Зоя опустилась на самый край скамейки, будто боялась занять больше места, чем ей полагалось. Рукав пальто чуть съехал, и стало видно, какими тонкими стали её запястья — не по моде, а так, как худеют, когда еда превращается в обязанность, а не в желание. Старушка отложила спицу — впервые с начала всех встреч — и просто посмотрела на неё, без вязания в руках.
— Я знаю, кто вы, — сказала Зоя после долгого молчания. — Мне бабушка в детстве рассказывала сказку про вязальщицу в парке. Я думала, это просто сказка, чтобы мы боялись гулять поздно.

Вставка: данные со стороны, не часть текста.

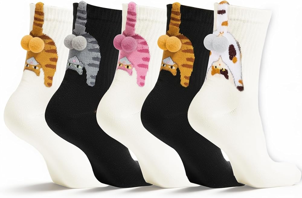 1.Funny cat socks with 3D pom poms show a playful and creative look that adds humor to your style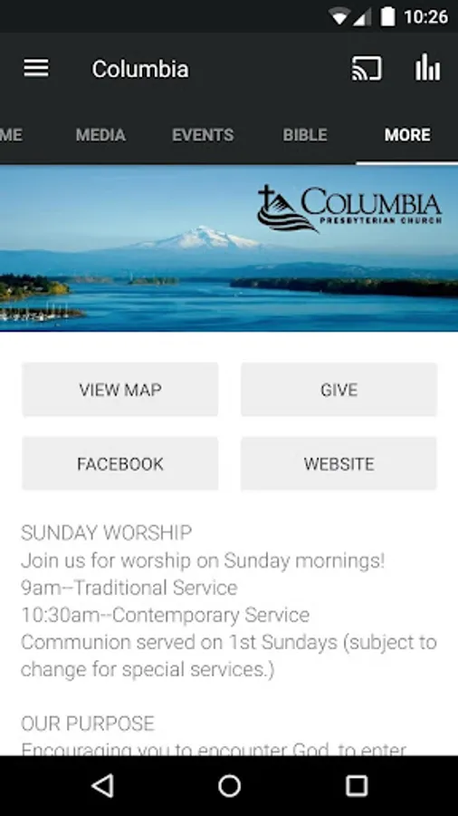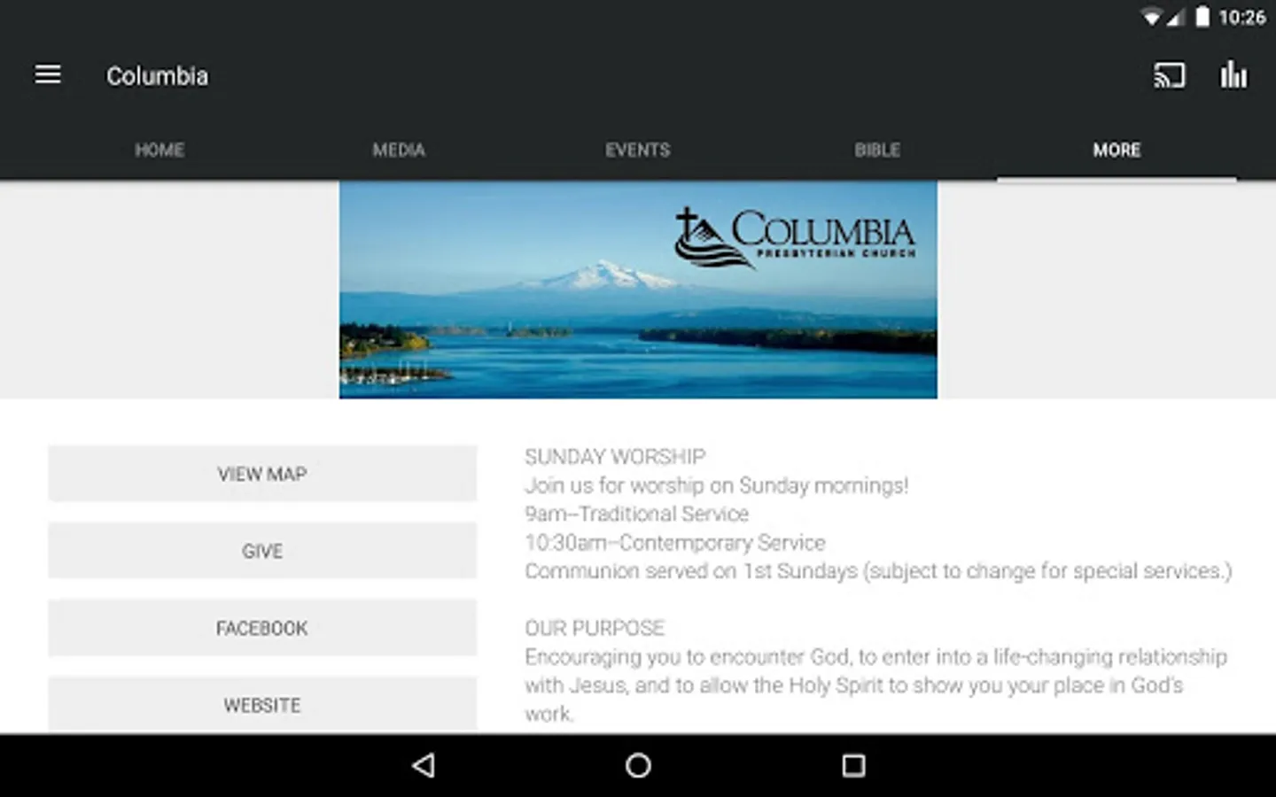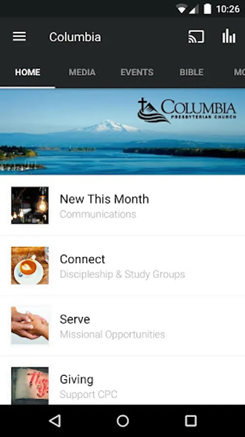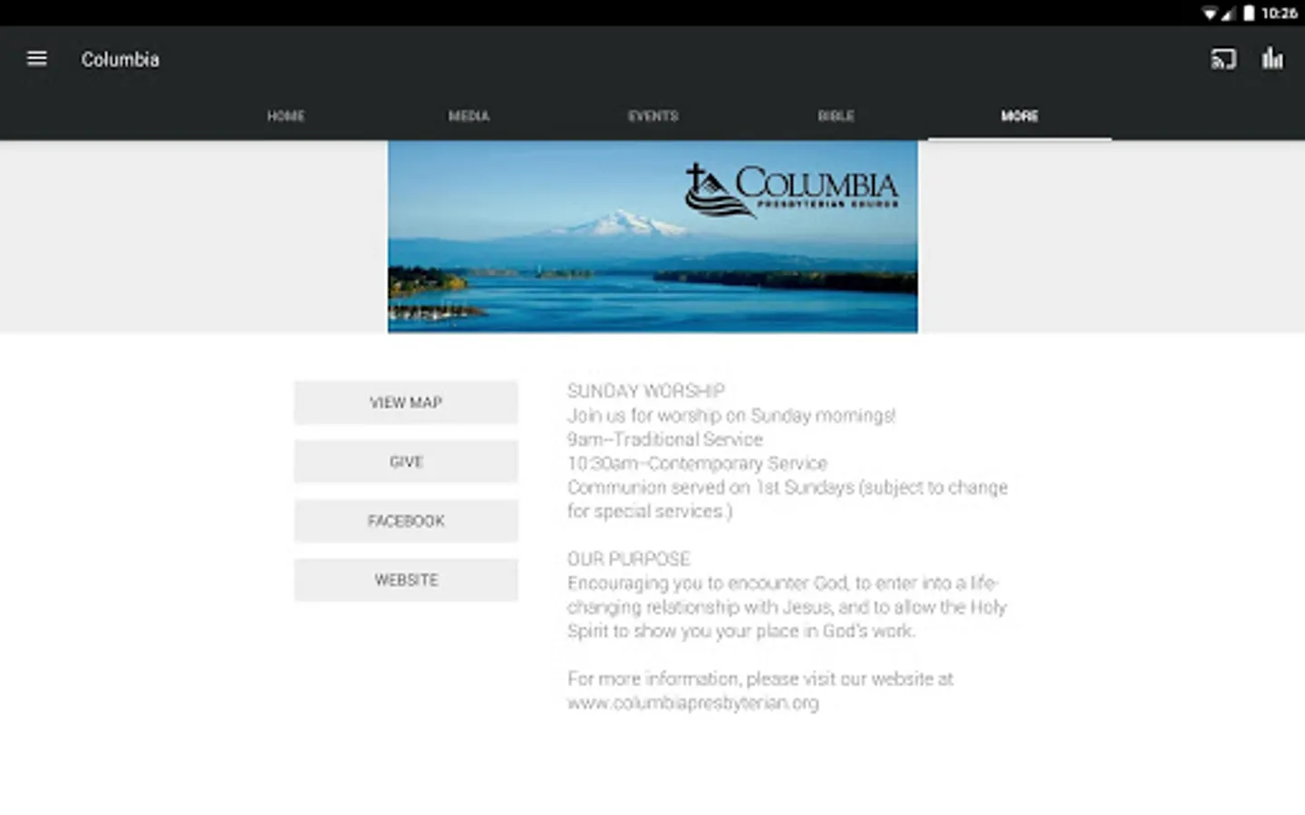 The Columbia Presbyterian Church App was created with the Subsplash App Platform.

— Не сказка, — тихо ответила старушка. — Но и не то, чего стоит бояться. Не всегда.
Зоя посмотрела на свои руки, лежащие на коленях.
— Тогда вы знаете, зачем я здесь.
— Знаю, — кивнула старушка. — Ты держишься уже очень долго. Дольше, чем должна была бы.
Она взяла нить Зои в руки осторожно, будто боялась причинить боль одним прикосновением. Нить была не тёмной от вины и не пёстрой от смешения — она была почти прозрачной, истончённой до предела, местами настолько тонкой, что казалось, будто её не тронь — и она порвётся сама.
— Это не твоя вина, — сказала старушка, и голос её впервые за все встречи звучал не наставительно, не оценивающе, а просто — по-человечески. — Ты никого не толкала с лестницы. Не обманывала. Не носила петлю вместо любви. Ты просто держала слишком много слишком долго, совсем одна.
У Зои задрожали губы, но она не заплакала — было видно, что слёз у неё давно не осталось.
— Я устала, — сказала она просто. — Не от чего-то одного. Просто устала. Каждый день просыпаться и снова нести то же самое.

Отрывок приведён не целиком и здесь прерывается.